9.2. Access to customer information by staff of the service provider shall be on ‘need to know’ basis, i.e., limited to areas where the information is required to perform the outsourced function.

9.3. The service provider shall be able to isolate and clearly identify the PSO’s customer information, documents, records and assets to protect their confidentiality. Where the service provider acts as an outsourcing agent for multiple PSOs, there should be strong safeguards (including encryption of customer data) to avoid co-mingling of information, documents, records and assets of different PSOs.

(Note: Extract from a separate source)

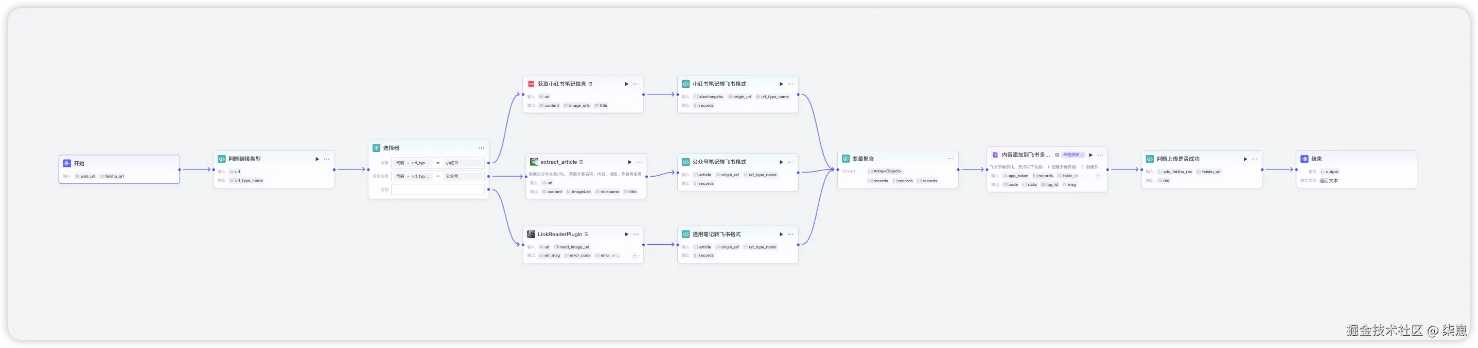 开始节点→判断链接类型→选择器节点→文章采集→笔记格式化→变量聚合→记录保存到多维表格→判断是否上传成功→结束节点。

9.4. The PSO shall regularly review and monitor the security practices and control processes of the service provider and require the service provider to disclose security breaches.

9.5. The PSO shall immediately notify RBI about any breach of security and leakage of confidential information related to customers. In such eventualities, the PSO would be liable to its customers for any damage.

9.6. The PSO shall ensure that the extant instructions related to storage of payment system data shall be strictly adhered to by service provider, domestic or off-shore.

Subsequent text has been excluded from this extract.